Land Ho, Hawai’i

Author: Nate Bears, Engineer

Mauna Kea in a rainbow!

Mauna Kea in a rainbow!

Ship's Log

Position
19° 15.0”N X 155° 00.0”W (3 nautical miles offshore, 35 miles from the peak of Mauna Loa)

Taffrail Log
3547 nautical miles

Weather / Sail Plan
Motor Sailing under staysl’s; Winds: 16 knots NNE

Souls on Board

Hello Friends,

Land Ho!!!  I didn’t hear the shout in the pre-dawn hours of the morning, but there she was when I came up on deck.  I guess you couldn’t technically see the land, it was a bit too dark for that. It was really more lights than anything else.  There were more lights than we have seen coming from outside the boat since we left Catalina Island a month ago.  Slowly as the sun light started brightening up the horizon, we could make out the shape of Mauna Kea, the tallest mountain in the world, if measured from its base at the bottom of the ocean.  As the sun’s rays brightened the sky further, we could see the snowy peak dead ahead!  The first whiffs of land in a month felt pretty good on the nostrils too.

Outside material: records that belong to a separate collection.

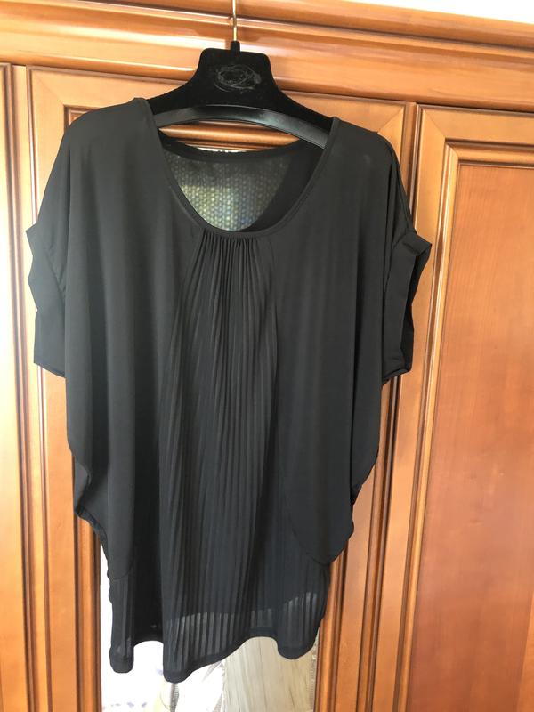 Блуза черного цвета украшена драпировкой Длина плеча 22 Длина по спине 66 Полуокружность по бёдрам 50 ( тянется до 58) Полиэстер
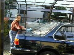 |  | 今日は素晴らしい青空、朝、埃と黄砂で汚れた車をきれいにして、 |
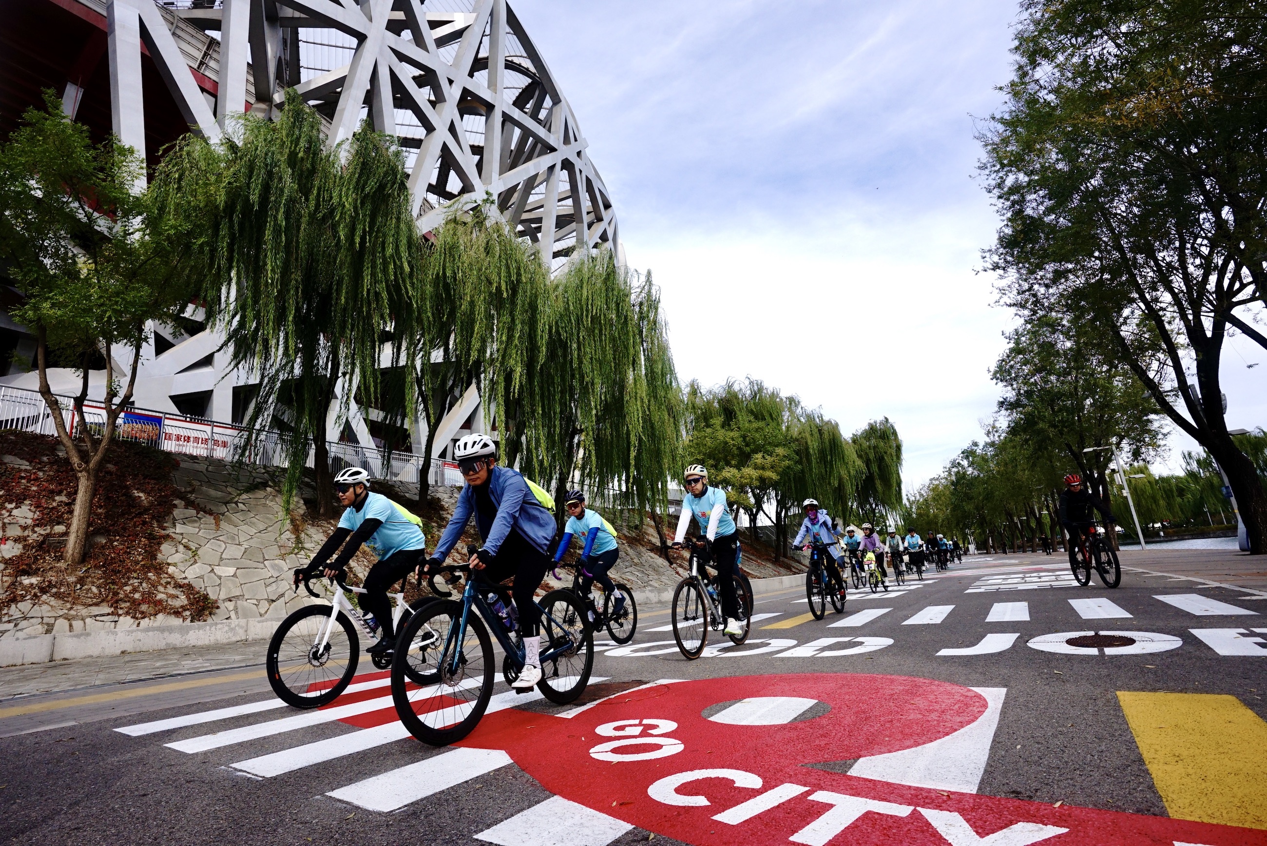 “騎”遇奧園 50余人沿彩虹騎行道打卡奧運場館
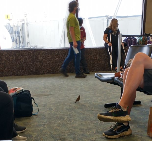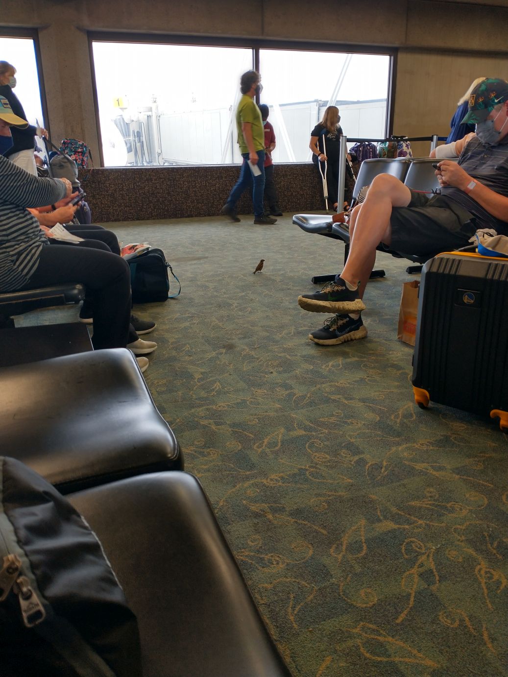Finally we can head to the gate, where stop at the restrooms to change into our winter gear (we both had on summer gear – shorts for Ed, sundress for me – so we wouldn’t overheat and sweat out our traveling clothes), then it is onto the actual gate where we hang out with a bird (yes, a bird – everything is open air here!) before boarding our Red-Eye to Chicago.

Captain Sean was describing to us that the winds would come from the land in the morning when the land is cooler than the water, the cooler denser air flowing out to the sea.  Later on, as things heated up, which they certainly did, the warm air over the land would rise and the wind would come from the sea towards the land.  Good for folks going fishing and moving about the islands, especially before motors were put on ships.

We brought the ship alongside the dock where we said goodbye to our dear friend and shipmate Hannah.  It was emotional for everyone; we have formed a strong community bond over a month at sea.  Fair winds and following seas Hannah!!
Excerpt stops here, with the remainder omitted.